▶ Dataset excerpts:
◆ ◆ ◆ ◆ ◆ ◆ ◆
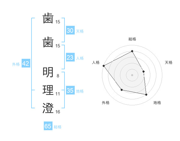 歯歯 明理澄さんの総格は65画の4点!
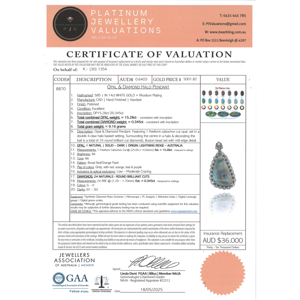 The centre features a freeform cabochon cut Lightning Ridge Opal (15.28ct, flashes of grey with red, orange and teal), double claw set to capture its natural brilliance and vivid play-of-colour. Surrounding the centre in a halo and decorating the bail are 24 round brilliant cut Diamonds (0.345ct TDW, G–H colour, SI1–SI2 clarity), micro-bead set with millegrain details, enhancing the pendant’s opulent charm.
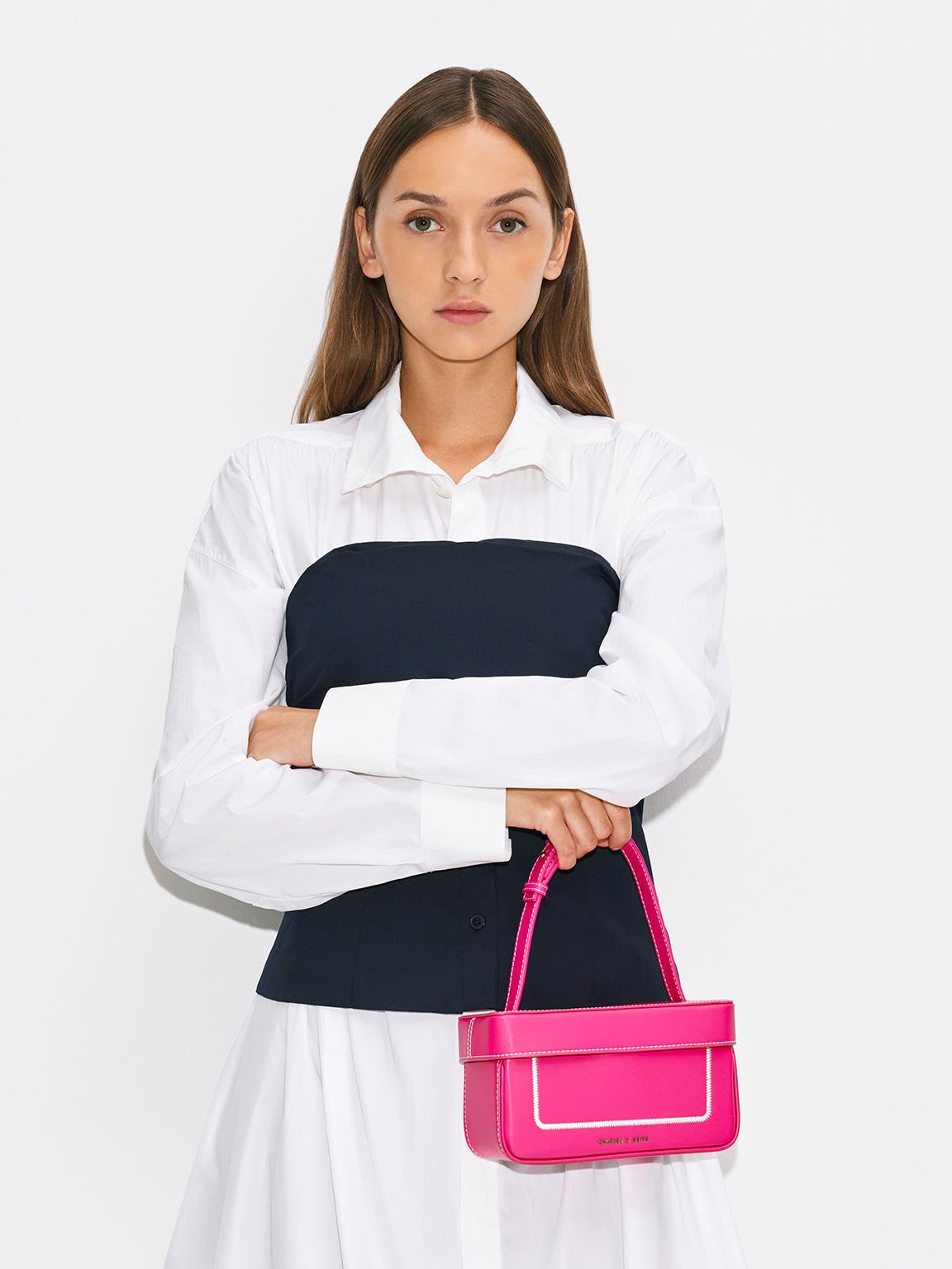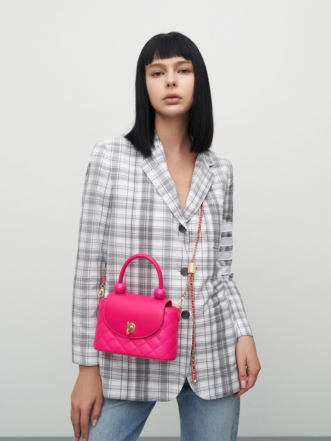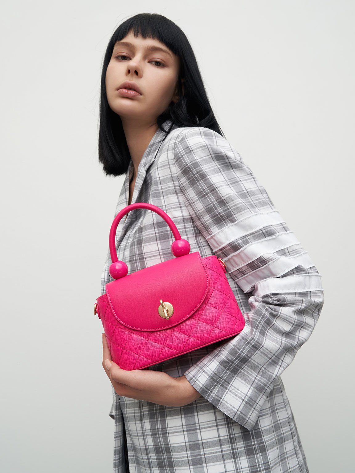 Charles & Keith 小巧亮麗的桃紅菱格箱型手提包,特殊的提把造型與柔軟的菱格紋皮革,還有發條造型旋鈕,以及可拆式鍊條皮革背帶,完全就是芭比公主的日常穿搭配備,時尚造型讓你輕鬆展現最時髦的Y2K風格!
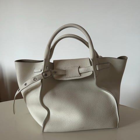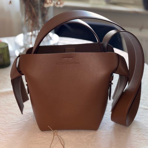 Celine skinnväska i läder. Väskan har en bucket-inspirerad form med ett stadigt bärhandtag och justerbar remdetalj framtill. Tillverkad i slätt läder i en brun/cognacfärgad ton. Passar för vardagsbruk med plats för mindre personliga tillhörigheter. Den har ett mindre märke på framsidan men inuti har den inget att anmärka på. Kvitto finns tillhörande och serienummer.
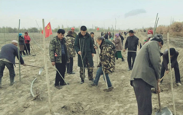 沙雅县纪律检查委员会驻村工作队始终坚信只有环境改善了,农民的生活才能更好。2016年工作队来到该村就一直把植树造林做为村“两委”的头等大事,工作队携村民无论春夏、还是秋冬都要积极植树。“今天植下一棵树苗,明天就会收获一片绿色”也是写在村委会墙壁上的标语。
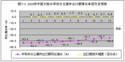 2009年1~9月份,中國大陸半導(dǎo)體分立器件出口額增長率從元月份的-43.4%,回升到9月份的-37.7%。只回升了5.7個(gè)百分點(diǎn)。按此回升速度計(jì)算,到今年年底,只能回升到-35.5%,預(yù)計(jì)2010年會(huì)有所好轉(zhuǎn)(見圖7-2)。
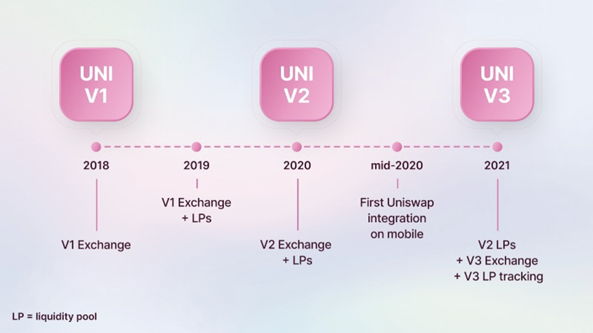Uniswap V4的升级之所以会引发众多机构的关注,一方面是美国证券交易委员会(SEC)对全球最大CEX币安起诉风波,让行业内机构开始对CEX的未来发展产生了担忧,而拥有去中心化和抗审核性的DEX无疑获得了更多的青睐。此外,最重要的一点是Uniswap 作为行业龙头,其推出的每个版本都引领了DEX的发展方向,被后继者争相模仿,也带动了整个DeFi繁荣发展。下面让我们来回顾一下Uniswap的每个历史版本。
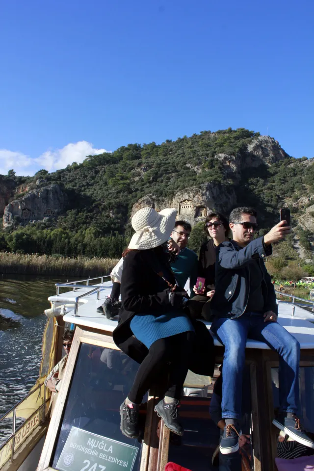 Ortaca ilçesi Dalyan Mahallesi'ni ziyaret eden yabancı gazeteciler, Dalyan Kanalı'nda tekne turuna katıldı. Kaya mezarlarını, İztuzu Plajı'nı ve Köyceğiz Gölü'nü gezen ekip, balık tutup mavi yengeçten tattı.
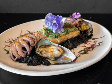 Filete de Salmon sobre una cama de Risotto en tinta de Calamar acompañado de Meiloones media concha y pulpito baby.
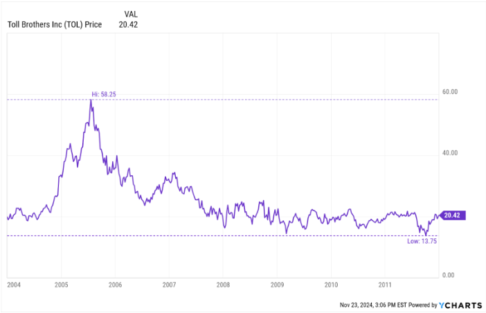 • Outcome: Signs of trouble began to emerge in late 2005/early 2006. A Gallup survey in May 2006 showed that 71% of consumers believed the housing bubble would collapse in the next year, however, according to reports most “experts” believed there would be no bubble bursting on a national basis. At that time, TOL had already been cut in half dropping to $28/share, on its way to a low of $13.75 on October 3, 2011.
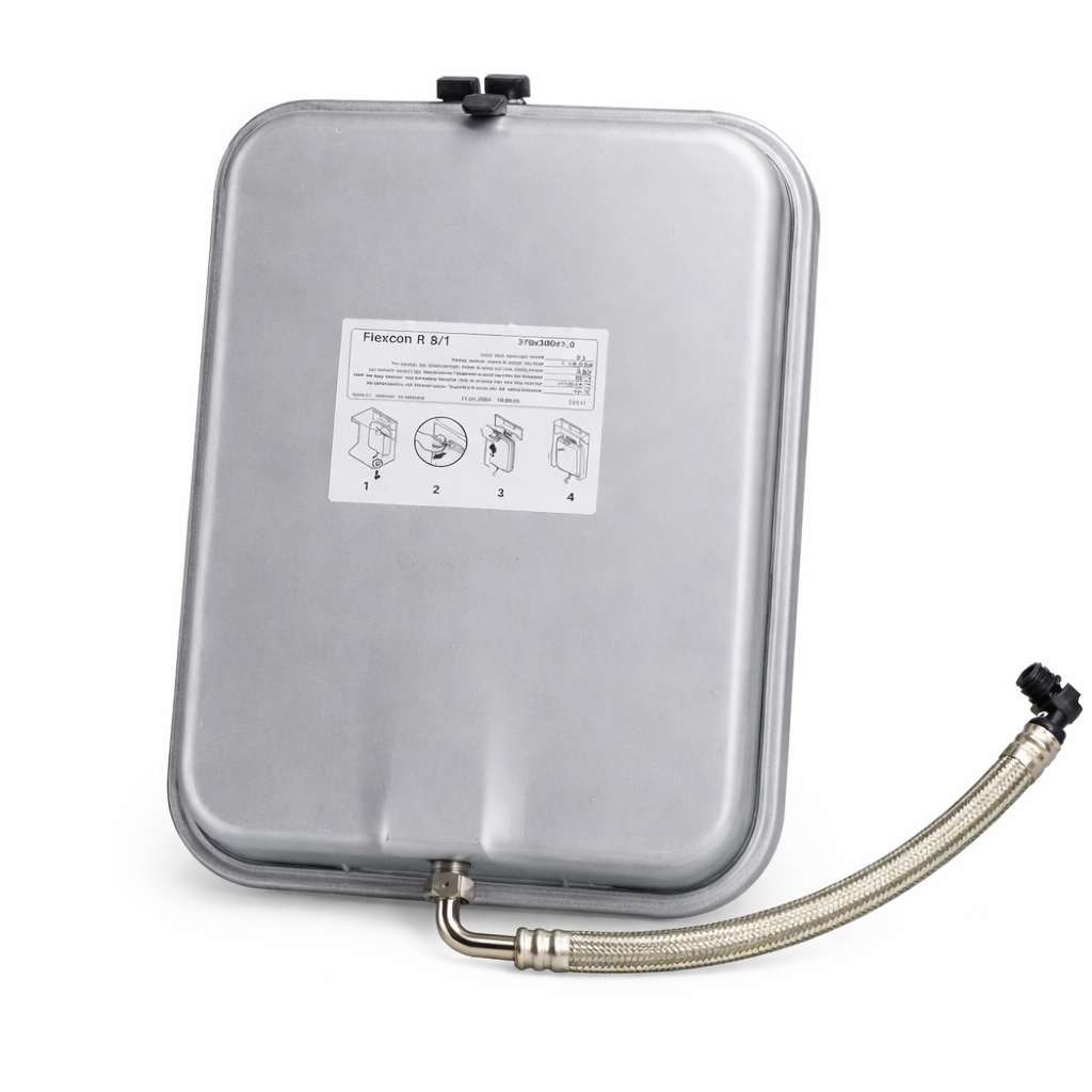 Oryginalne naczynie wzbiorcze 8L De Dietrich o numerze katalogowym 7600525 przeznaczone do kotłów gazowych kondensacyjnych tej marki. Element stanowi część układu hydraulicznego kotła i odpowiada za kompensację zmian objętości wody w instalacji centralnego ogrzewania.
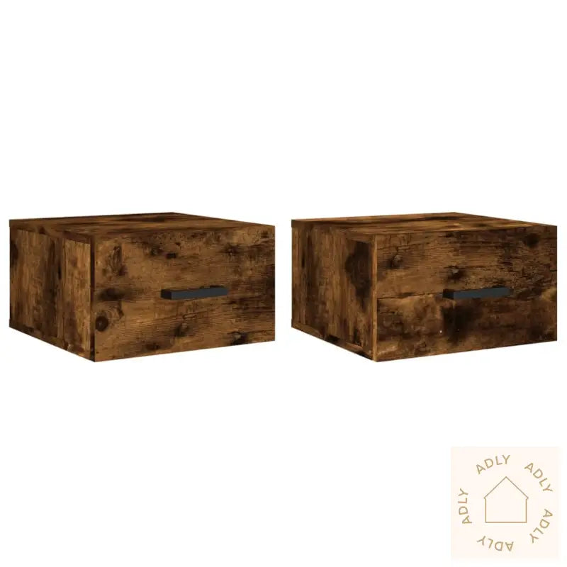 Skruer og plugger for veggmontering følger ikke med. Bruk alltid festemidler som passer til veggen hjemme hos deg, spesielt om du har gips eller mur. Er du usikker, anbefaler vi å spørre noen som kan dette for å være trygg på at møblene henger sikkert. Husk også å følge monteringsanvisningen nøye.Farge: røkt eikMateriale: konstruert treMål: 35 x 35 x 20 cm (B x D x H)Montering kreves: jaLeveransen inneholder:2 x vegghengte nattbordNattbordene passer inn i de fleste hjemmestiler og matcher perfekt sammen med andre moderne møbler til hjemmet og utendørsmøbler fra vårt sortiment. Med sitt tidløse design og smarte løsning, gir disse nattbordene ekstra funksjonalitet og en oppgradert atmosfære til soverommet ditt.
◆ ◆ ◆ ◆ ◆ ◆ ◆
▶ Work item:
Please retype exactly the lines from the one containing "Oryginalne naczynie wzbiorcze" to the last line of the records above, both included, without any pictures.

▶ Answer for the task:
 Oryginalne naczynie wzbiorcze 8L De Dietrich o numerze katalogowym 7600525 przeznaczone do kotłów gazowych kondensacyjnych tej marki. Element stanowi część układu hydraulicznego kotła i odpowiada za kompensację zmian objętości wody w instalacji centralnego ogrzewania.
 Skruer og plugger for veggmontering følger ikke med. Bruk alltid festemidler som passer til veggen hjemme hos deg, spesielt om du har gips eller mur. Er du usikker, anbefaler vi å spørre noen som kan dette for å være trygg på at møblene henger sikkert. Husk også å følge monteringsanvisningen nøye.Farge: røkt eikMateriale: konstruert treMål: 35 x 35 x 20 cm (B x D x H)Montering kreves: jaLeveransen inneholder:2 x vegghengte nattbordNattbordene passer inn i de fleste hjemmestiler og matcher perfekt sammen med andre moderne møbler til hjemmet og utendørsmøbler fra vårt sortiment. Med sitt tidløse design og smarte løsning, gir disse nattbordene ekstra funksjonalitet og en oppgradert atmosfære til soverommet ditt.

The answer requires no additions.